And that's no yolk
It comes on Monday nights, which works out perfectly because Dalt has fire department meetings those nights, so we get to settle down on the couch with our throw blanket and popcorn and see what those rascally sextuplets are up to every week.
Only it's been pretty sad lately.
When I first saw the rumors of a troubled marriage and tabloid pics in line at the grocery store, I was quick to write it off as trouble-mongering by the press. But then this season started, and Jon and Kate were doing separate interviews on the couch. Savannah asked me about it, but I said the stories probably weren't true because the press likes to exaggerate things so they can sell magazines.
Then last night we watched the repeat of last week's show where Jon & Kate announced they were separating and it said they had filed for divorce, so I couldn't avoid the sadness anymore. Or Savannah's questions.
We talked about divorce and where the kids would go and what would change for them. Unlike my kids, they are going to get to stay in their home and keep their dogs and not have to go through what we did with the move and everything. Savannah said she misses our old house because it had a pool, and I told her that was a normal thing to feel. Then we talked about the good things in our life now.
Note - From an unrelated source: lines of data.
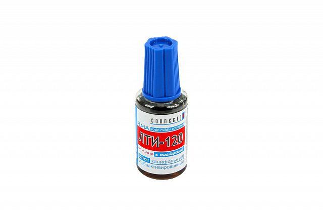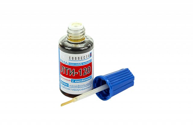 Флюс для пайки ЛТИ-120 Connector, с кисточкой, 180-350 °С, 20 мл, коричневый Флюс для пайки ЛТИ-120 — канифольный активированный флюс для пайки. Пайка печатных плат происходит очень быстро и легко. Мощный паяльник с этим флюсом позволяет спаивать даже оцинкованное железо. ЛТИ-120 часто называют паяльным лаком из-за защитных свойств оставшегося флюса.
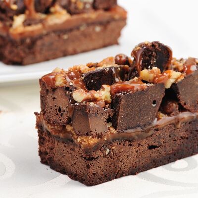 Два слоя сочного шоколадного брауни, пропитанные густой карамелью, сверху украшены засахаренными кусочками брауни и орехами пекан
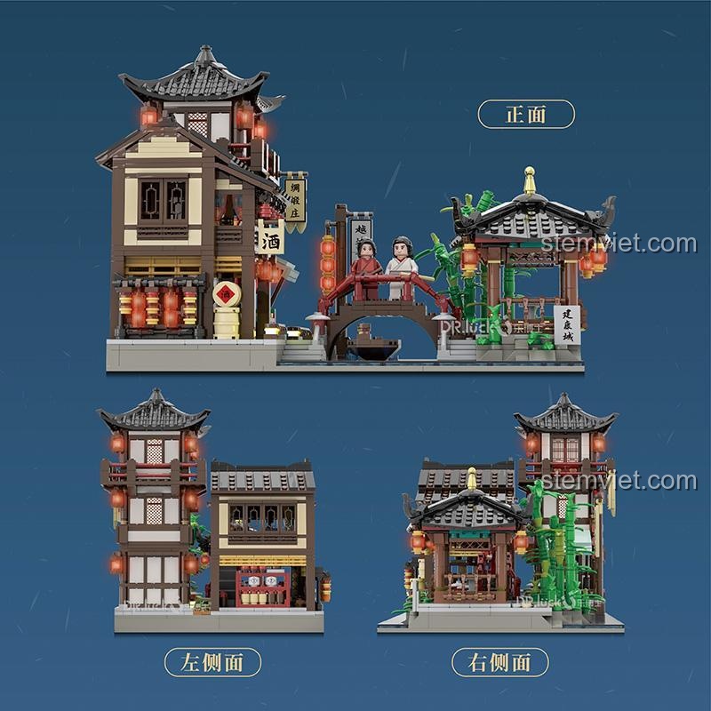 Trải nghiệm lắp ráp bộ Thành Kiến Khang 9018 là một hành trình khám phá đầy thú vị. Sách hướng dẫn chi tiết, in màu rõ nét sẽ giúp bé và gia đình từng bước dựng nên công trình của riêng mình. Quá trình này không chỉ là lắp ghép, mà còn là cảm nhận sự hình thành của một tác phẩm nghệ thuật. Bộ sản phẩm bao gồm 2 minifigure nhân vật chính Chu Phỉ và Tạ Doãn, cho phép bé tái hiện lại những phân cảnh lãng mạn hay những màn đối thoại kinh điển trên cây cầu. Phông nền đi kèm là một điểm nhấn đặc biệt, biến mô hình tĩnh thành một sa bàn 3D sống động, khơi gợi trí tưởng tượng không giới hạn. Các chi tiết như thuyền nhỏ, chum rượu, biển hiệu… đều góp phần làm cho thế giới võ hiệp trở nên chân thực và gần gũi hơn.

I feel very sad for Jon & Kate and their family. They are people I don't even know, but I know what they are going through. I know what it feels like to face an unknown future you never thought you would, but you have to keep putting one foot in front of the other and keep on going anyway. I know what it's like to have to shrug off the comfort and security of familiarity because the status quo could not continue if honesty was to be addressed at all. And I know, utterly, the all- encompassing, gut-wrenching guilt of dragging your innocent kids through it all with you.
The other thing I know is that there are no completely innocent or completely guilty individuals when it comes to divorce.
Marriage is hard work. It requires intense (sometimes uncomfortable) levels of communication, compromise, support for each other, selflessness and stubbornness -- the stubbornness borne of not accepting defeat. And it takes two for that. Both people have to be able to see themselves and each other as imperfect, flawed creatures who need grace and forgiveness on a daily basis.
That's the key to every relationship really, isn't it? Realizing we all fail, we all need help, and God made all of us. If He can forgive us and go forward, we certainly should be able to forgive each other. But as it turns out, we even need His help for that. (See the above "flawed creatures" reference.)
At any rate, you can't unscramble an egg. You just have to throw some cheese on it, slap it on a flour tortilla and accept the fact that it may not be what it once was, but it still tastes pretty darn good.